This tutorial offers a comprehensive, hands-on overview of recent advances in responsible GenFMs, covering foundational concepts, multi-dimensional risk taxonomies (including safety, privacy, robustness, truthfulness, fairness, and machine ethics), state-of-the-art evaluation benchmarks, and effective mitigation strategies.
We integrate real-world case studies and practical exercises using open-source tools, and present key perspectives from both policy and industry, including recent regulatory developments and enterprise practices.

The session concludes with a discussion of open challenges, providing actionable guidance for the CIKM community.

https://tutorial-trustgenfm.github.io

Continual Recommender Systems.

Hyunsik Yoo (University of Illinois Urbana-Champaign), Seongku Kang (Korea University) and Hanghang Tong(University of Illinois Urbana-Champaign).

Abstract. Modern recommender systems operate in uniquely dynamic settings: user interests, item pools, and popularity trends shift continuously, and models must adapt in real time without forgetting past preferences.
While existing tutorials on continual or lifelong learning cover broad machine learning domains (e.g., vision and graphs), they do not address recommendation-specific demands—such as balancing stability and plasticity per user, handling cold-start items, and optimizing recommendation metrics under streaming feedback.
This tutorial aims to make a timely contribution by filling that gap.

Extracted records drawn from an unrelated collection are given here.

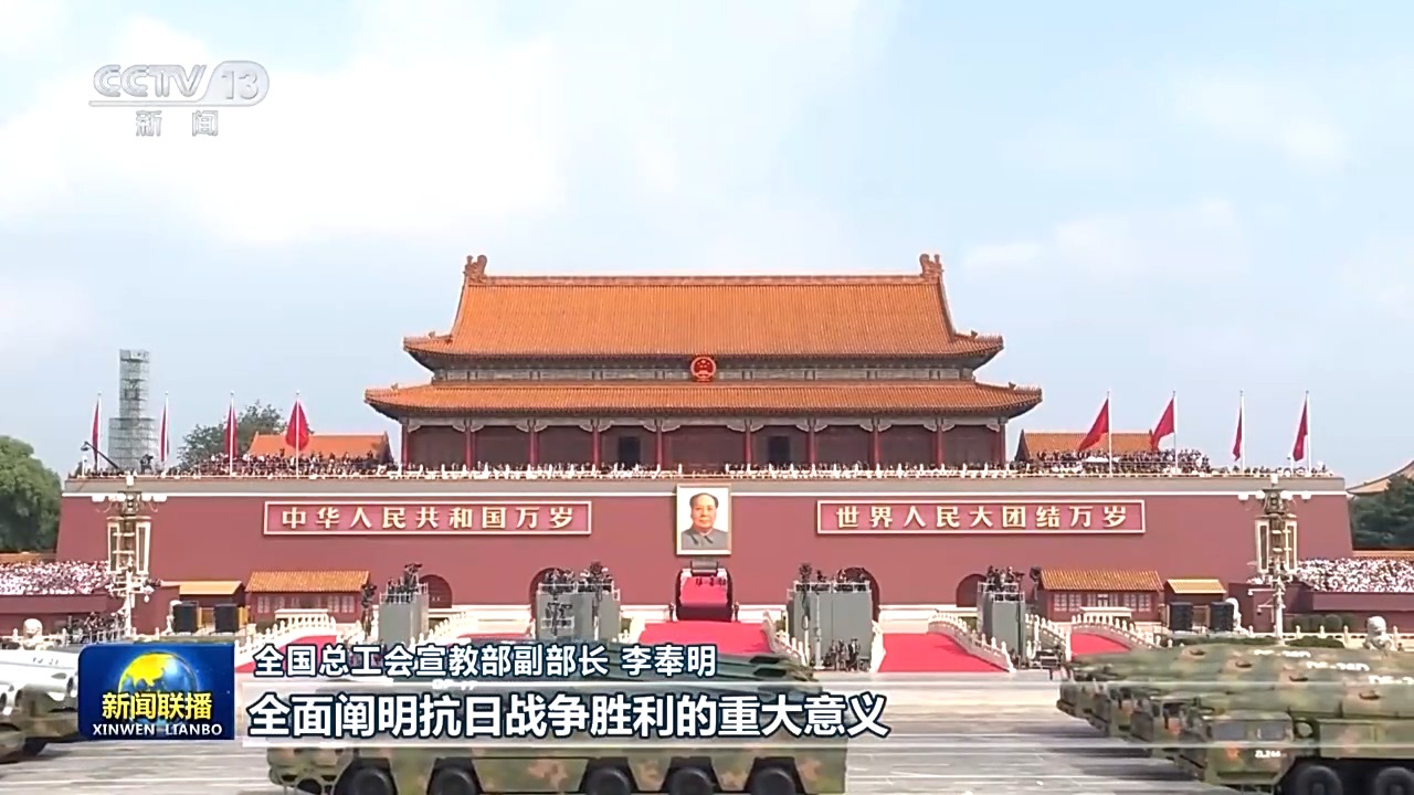 全國總工會(huì)宣教部副部長 李奉明:習(xí)近平總書記的重要講話,從全民族、全人類的高度,全面闡明抗日戰(zhàn)爭勝利的重大意義。莊嚴(yán)宣示中國人民維護(hù)世界和平與發(fā)展的堅(jiān)定立場(chǎng),我們深刻認(rèn)識(shí)到中國共產(chǎn)黨的中流砥柱作用是抗日戰(zhàn)爭勝利的關(guān)鍵。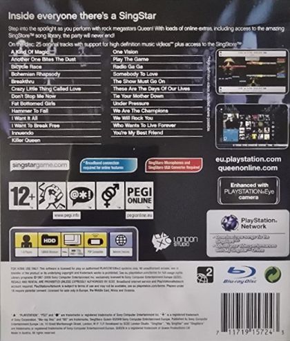 Die Legende lebt! Für echte Rockfans hebt sich der Vorhang zu einer aufregenden und magischen Show in den heimischen vier Wänden. Denn die Kult- Stadionkonzerte von Freddy Mercury und Queen werden mit Unterstützung von Sony Computer Entertainment neu belebt. SingStar Queen lässt Freunde nach den Mikrofonen greifen und die größten Hits dieser legendären Gruppe schmettern.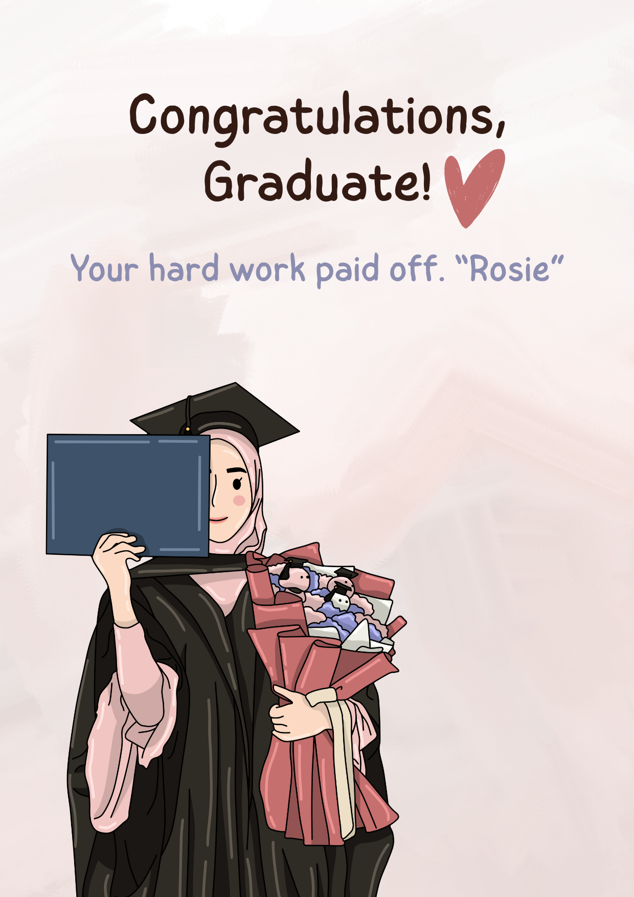 A heartfelt graduation card showing a graduate proudly holding a diploma and a bouquet.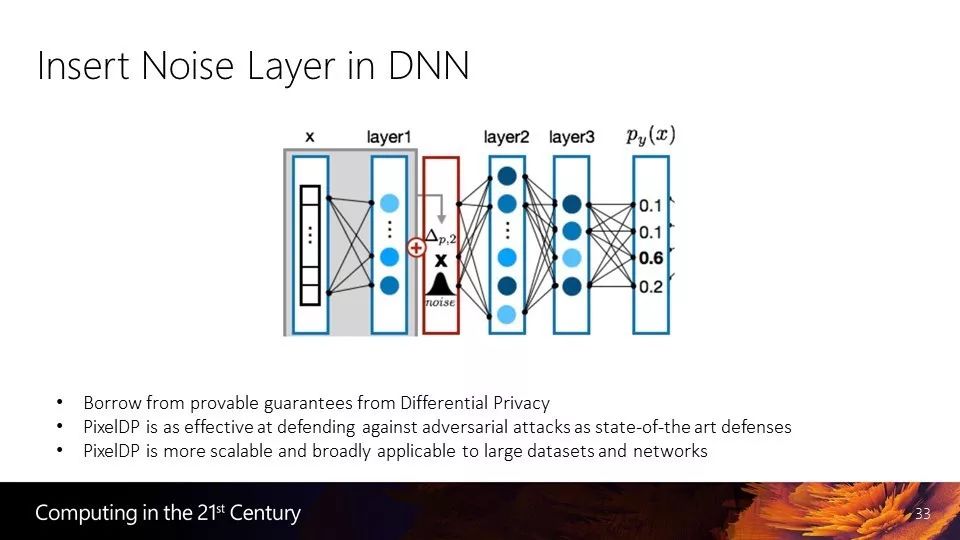 另一个项目 PixelDP,现在有很多研究都揭示出 DNN 的脆弱性,连非常简单的涂鸦都会改变 DNN 的分类结果,而在自动驾驶时如果认错了交通标识,可能会导致非常严重的后果。这个研究工作受到了差分隐私(differential privacy)的启发,这个理念来自于密码学,我们把它嫁接到机器学习中,试图使 DNN 更加强大,以应对图像中的污染等情况。我们给 DNN 增加了一个噪声层,可以确保将输入中污染的影响控制在一定范围内,让分类器不会认错。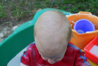 Dylan decided to get some good use out of his new Toy Story bucket and Shovel he received from Aunt Kelli and Uncle Wade for Easter. We tried it out in our sandbox. He loved it, maybe a little too much! He thoroughly enjoyed throwing sand up in the air. Needless to say, bathtime came next. He probably had half the sandbox in his hair!

We begin by reviewing the background and problem settings, followed by a comprehensive overview of existing approaches, including replay-based and regularization-based methods.
We then highlight recent efforts to apply continual learning to practical deployment environments, such as resource-constrained systems and sequential interaction settings.
Finally, we discuss open challenges and future research directions.
We believe this tutorial will be valuable to researchers and practitioners in recommender systems, data mining, and artificial intelligence, and will benefit a wide range of real-world application domains related to information retrieval.
The website of this tutorial is available.

https://www.idea.korea.ac.kr/research/tutorial-continual-recommender-systems

Towards Large Generative Recommendation: A Tokenization Perspective.

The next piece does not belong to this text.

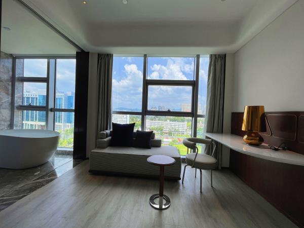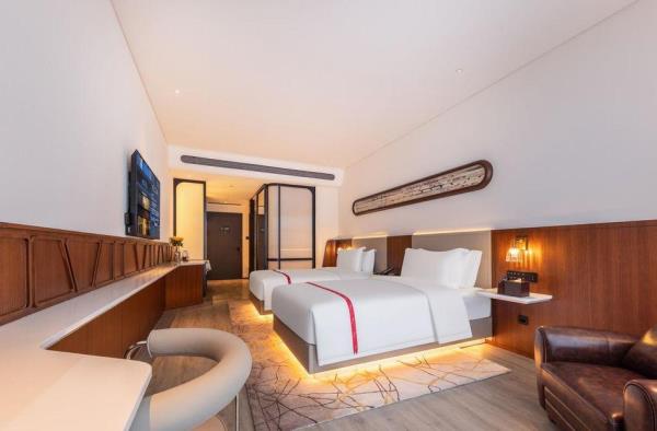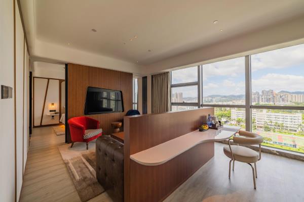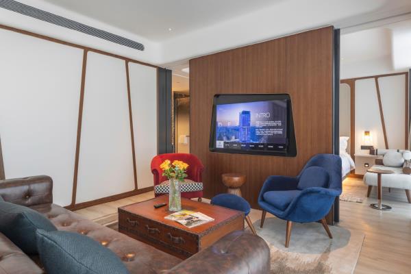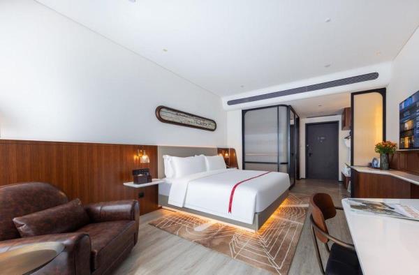 酒店位于珠海市新香洲梅华西路与敬业路交汇处(珠海市公安局斜对面)。毗邻印象城(山姆会员店)、 金发购物中心、珠海一中、珠海市体育中心、香山湖公园,无缝对接金琴快线.兴业快线,瞬间通达全城。踞守湾区桥头堡,一小时纵享粤港澳大湾区生活圈。LeanLuxury精益奢华是RubyHotels的品牌哲学。Ruby的每间酒店都呈现品牌的核心理念-甄选奢华,尽而不繁。擅长用空间讲故事,藉由酒店这个空间载体,希望实现的是一个风格独特、拥有品质与分寸感、激发灵感与创造力的旅行空间:在城市的核心位置,用精品酒吧取代传统酒店大堂,巧妙地将酒店前台、早餐、全日咖啡&轻餐、和酒吧设计融为一体,打造融合了复古与前卫风格、同时富有活力的社交空间。复合大堂结合复古豪华游艇风格的甄奢客房、全日西餐简餐、定期的社群沙龙活动,打造的“城市会客厅”希望带给都市新派旅行者和城市居民的一个放松身心的奢享新体验。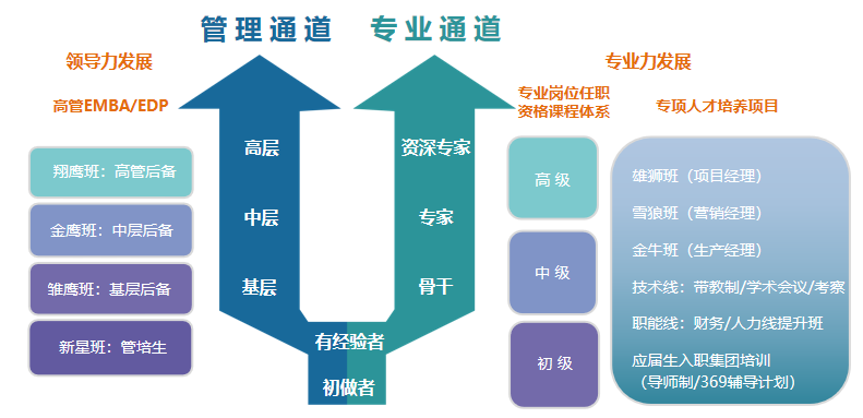 “新星计划、雏鹰计划、金鹰计划、翔鹰计划”梯队干部培养项目、“雪狼班、雄狮班、金牛班”等业务经理培养项目、初级-中级-高级任职资格课程岗位培训班及新员工成长训练营,为各级员工量身打造成长发展的平台。

Yupeng Hou (University of California, San Diego), An Zhang (University of Science and Technology of China), Leheng Sheng (National University of Singapore), Jiancan Wu (University of Science and Technology of China), Xiang Wang (University of Science and Technology of China), Tat-Seng Chua (National University of Singapore) and Julian McAuley (University of California, San Diego).

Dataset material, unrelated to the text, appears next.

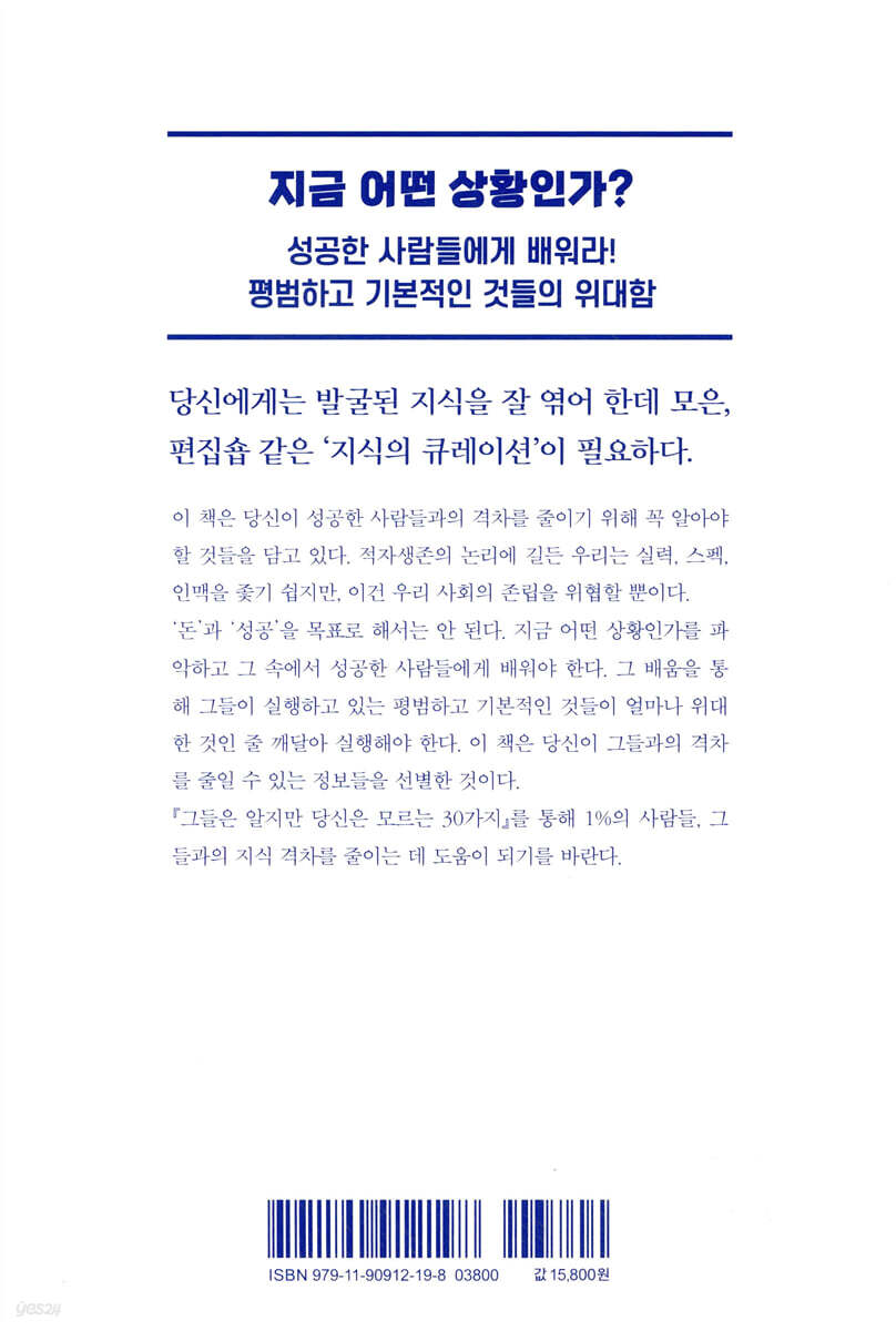 몰입이 중요하다고 한다. 어디에 집중할 것인지를 정확히 알고 있다면 말이다. 우리가 가진 문제는 눈에 띄는 모든 것에 조금씩 몰입한다는 사실이다. 내 시간을 나를 위한 시간으로 쓰지 못하고 있다는 문제를 안고 있다. 이 책 <그들은 알지만 당신은 모르는 30가지>에는 우리가 가진 이런 문제들을 짚어내고 해결책을 제시한 책들의 핵심을 요약 정리했다. 내가 가진 문제점을 일깨운다는 점, 그리고 해결할 방법을 간단하나마 요약해서 보여준다는 점이 장점인 책이다. 잊고 있던 책을 다시 꺼내 본다. 알지만 활용 못했던 것들을 발견한다.

Abstract. The emergence of large generative models is transforming the landscape of recommender systems. One of the most fundamental components in building these models is action tokenization, the process of converting human-readable data (e.g., user-item interactions) into machine-readable formats (e.g., discrete token sequences).
In this half-day tutorial, we present a comprehensive overview of existing action tokenization techniques, converting actions to (1) item IDs, (2) textual descriptions, and (3) semantic IDs, and explore how they relate to the development of large generative recommendation models.
We then make an in-depth discussion on the challenges, open questions, and potential future directions from the perspective of action tokenization, aiming to inspire the design of next-generation recommender systems.

https://large-genrec.github.io/cikm2025.html

Uncertain Boundaries: A Tutorial on Copyright Challenges and Cross-Disciplinary Solutions for Generative AI.

Zhipeng Yin (Florida International University), Zichong Wang (Florida International University), Avash Palikhe (Florida International University) and Wenbin Zhang (Florida International University).

Abstract. As generative artificial intelligence (AI) becomes increasingly prevalent in creative industries, intellectual property issues have come to the forefront, especially regarding AI-generated content that closely resembles human-created works.
Recent high-profile incidents involving AI-generated outputs reproducing copyrighted materials underscore the urgent need to reassess current copyright frameworks and establish effective safeguards against infringement.
This tutorial systematically examines copyright-related challenges throughout various AI development stages, providing practical recommendations for developers.
It first outlines fundamental copyright principles and considerations specific to generative AI, followed by methods for detecting and assessing potential infringements in AI-generated content.
It also introduces protective strategies to prevent unauthorized replication of creative materials and training datasets.
Additionally, the tutorial details specialized training methods designed to minimize the likelihood of infringement.
Finally, it reviews current AI copyright regulatory frameworks, identifies open research questions, and proposes directions for future research.

https://aicopyright-tutorial.github.io